Samantha Webber/Collegian

For the first time in weeks, the Massachusetts football team received big plays from its defense to get much needed stops and turnovers in a 39-24 win over Maine on Saturday.

Linebacker Tyler Holmes, the leader of the Minutemen defense, had two interceptions and returned both for touchdowns, putting him in the same class as Anton McKenzie and Jerard White as the only players in UMass history with two interceptions for scores in a career.

The touchdowns were also firsts for Holmes, who is now tied in the Colonial Athletic Association with a league-leading five interceptions this season.

“I wanted to take one back since I started playing,” Holmes said. “Always in practice, me and my friends always joke, ‘When are you going to take one to the crib, when are you going to score.’ Today was just my day.”

The junior became the first player in 2010 in all of Division I football to return two interceptions for touchdowns in one game, and just the 23rd all-time in the Football Championship Subdivision.

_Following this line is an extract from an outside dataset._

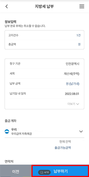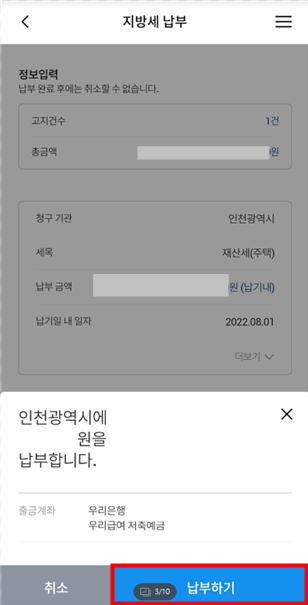 문제가 없다면 하단의 납부하기 부분을 눌러줍니다.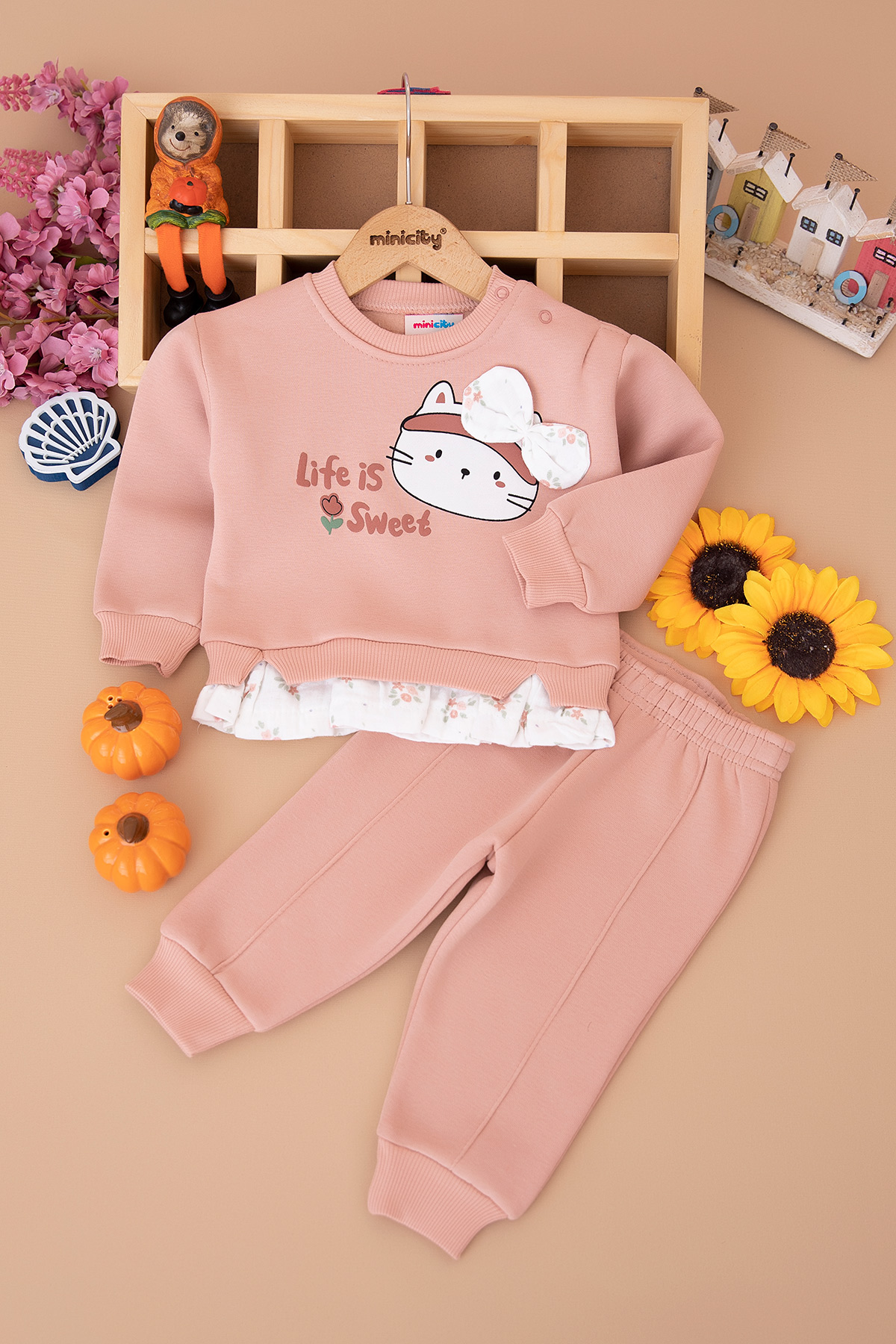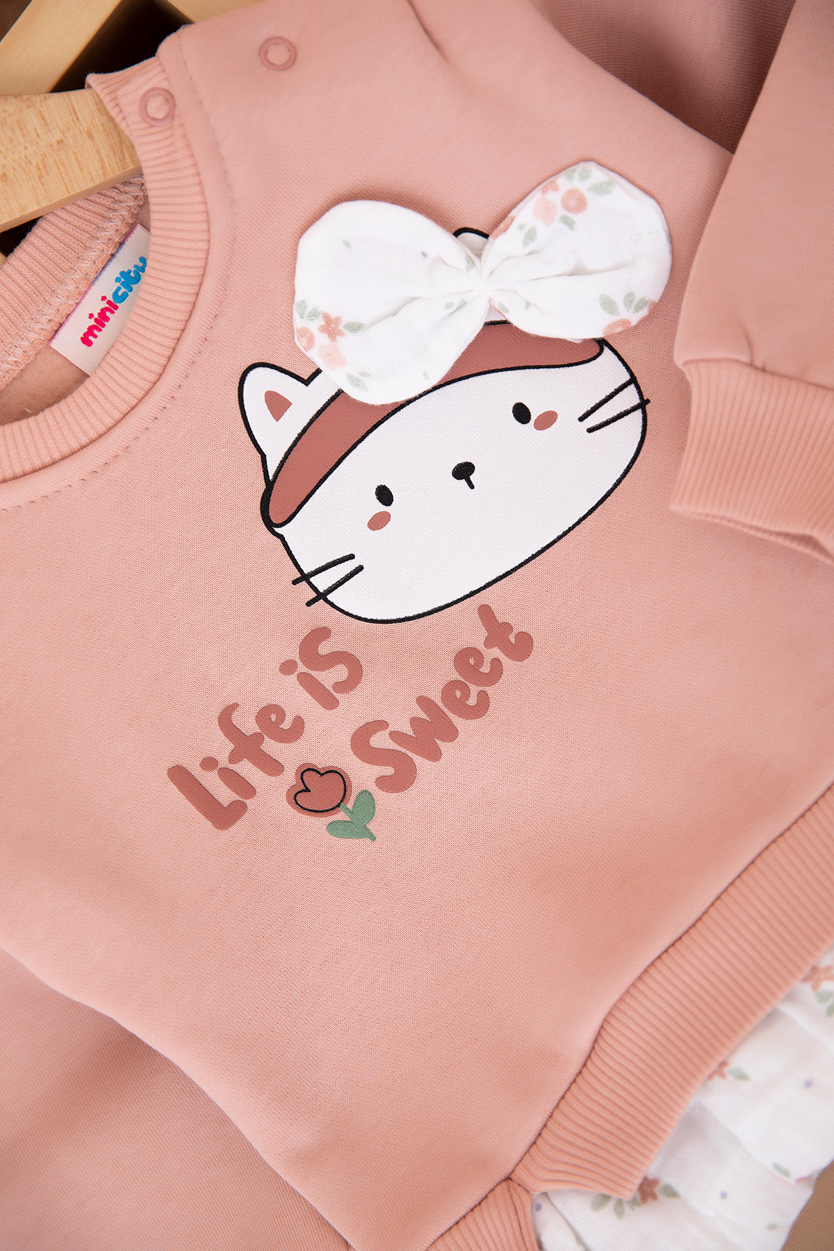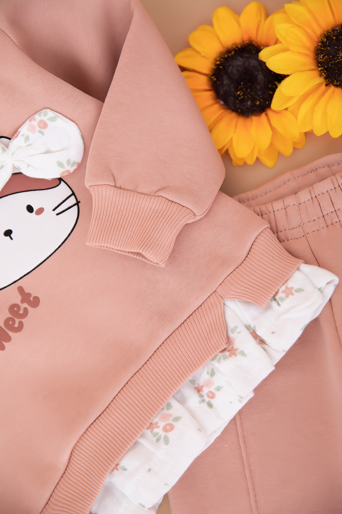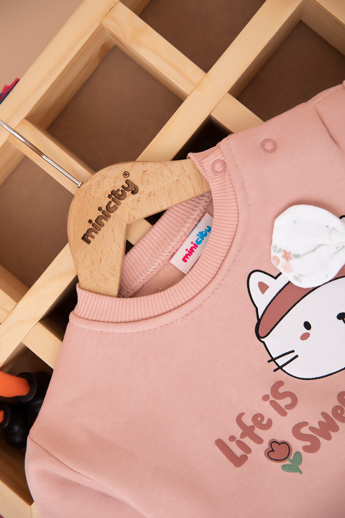 Kız Bebek Kedi Baskılı Üçip Takım - 25880 (9-24 Ay)

The last time the feat occurred was on Oct. 30, 2004, when Southeast Missouri State’s Kellin White accomplished it against UT Martin.

Holmes’ two touchdowns were part of the three scores the Minutemen received outside their offense. The other touchdown came on the first play of the game, as Ryan Carter took a reverse on a kickoff return and scampered 97 yards down the sideline.

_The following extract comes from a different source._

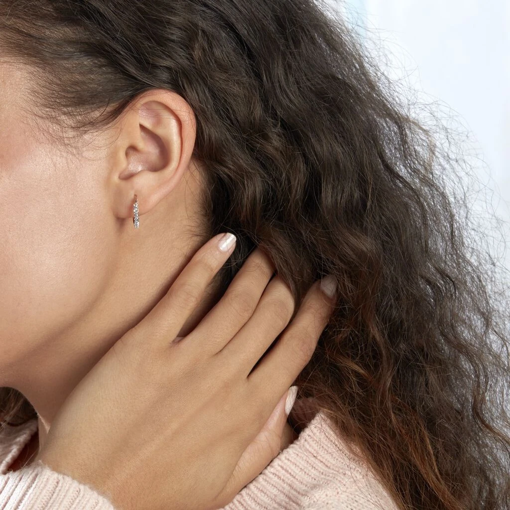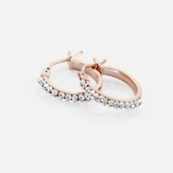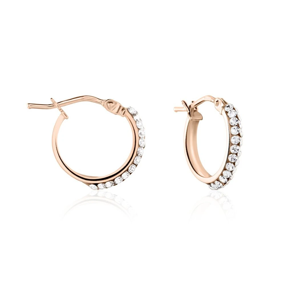 Créoles Or Rose 375/1000 Fil Carré Strass Largeur 2mm Diamètre 13.7mm

“It certainly helps the overall atmosphere on the sidelines, there’s not as much tension,” UMass coach Kevin Morris said. “You get free points and those are big bonus points, and Tyler took both back. Again, another great player and we mention him every week because he’s always around the ball, and tonight he made a huge impact with the points by himself.”

The first takeaway came in the opening quarter with UMass leading, 19-7. Black Bears quarterback Warren Smith, in an attempt to generate offense, forced a pass to a receiver covered by Holmes. The linebacker took advantage and returned the interception 18 yards for a score.

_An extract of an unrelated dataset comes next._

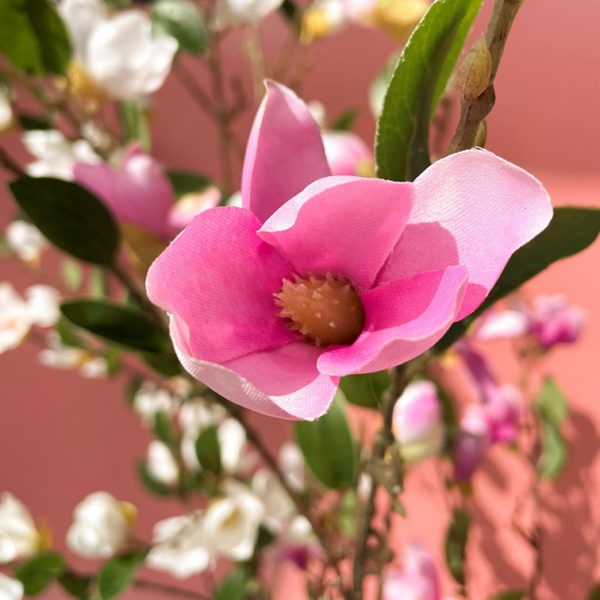 This lifelike model magnolia plant with blooming flowers is made of the finest recycled plastic types, and stands well on its own because of the pot in which the plant stands. This magnolia plant fills empty spaces very quickly because of its great height and wide fanning. Combined with other silk plants, together in 1 large pot you can make a beautiful plant arrangement, which you no longer have to worry about.

On his second touchdown, Holmes read Smith’s eyes and jumped the receiver’s route to return an interception 50 yards. The score gave the Minutemen a 39-16 lead and put the game out of reach for Maine.

 “Coach does a great job in film telling me to read off the quarterback’s intentions, he tells you where he wants to go,” Holmes said. “So I just played off his eyes and saw where he wanted to go, made the jump and it led to a score for us.”

Entering the week, UMass had four defensive interceptions, ranking it in the bottom half of the conference. Prior to Holmes’ two takeaways, the Minutemen hadn’t picked off a pass since Sept. 25 on the road against Stony Brook.

Along with Holmes, defensive back Mike Lee had his first career interception to seal the victory late in the fourth quarter. The turnover came when the Maine offense was driving to attempt a comeback.

“Well, the turnovers are the big thing,” Morris said. “The stops are great, obviously, but the turnovers are what we were lacking. We hadn’t had a turnover in a few games and an impact turnover at that.”

Last season, UMass intercepted 13 passes, with Holmes leading the team with four. This year, New Hampshire leads the league with 18 interceptions, while William & Mary had a conference-best three return touchdowns on interceptions.

The Minutemen defense will look to continue its strong play next weekend against Delaware, the second-highest scoring offense in the CAA.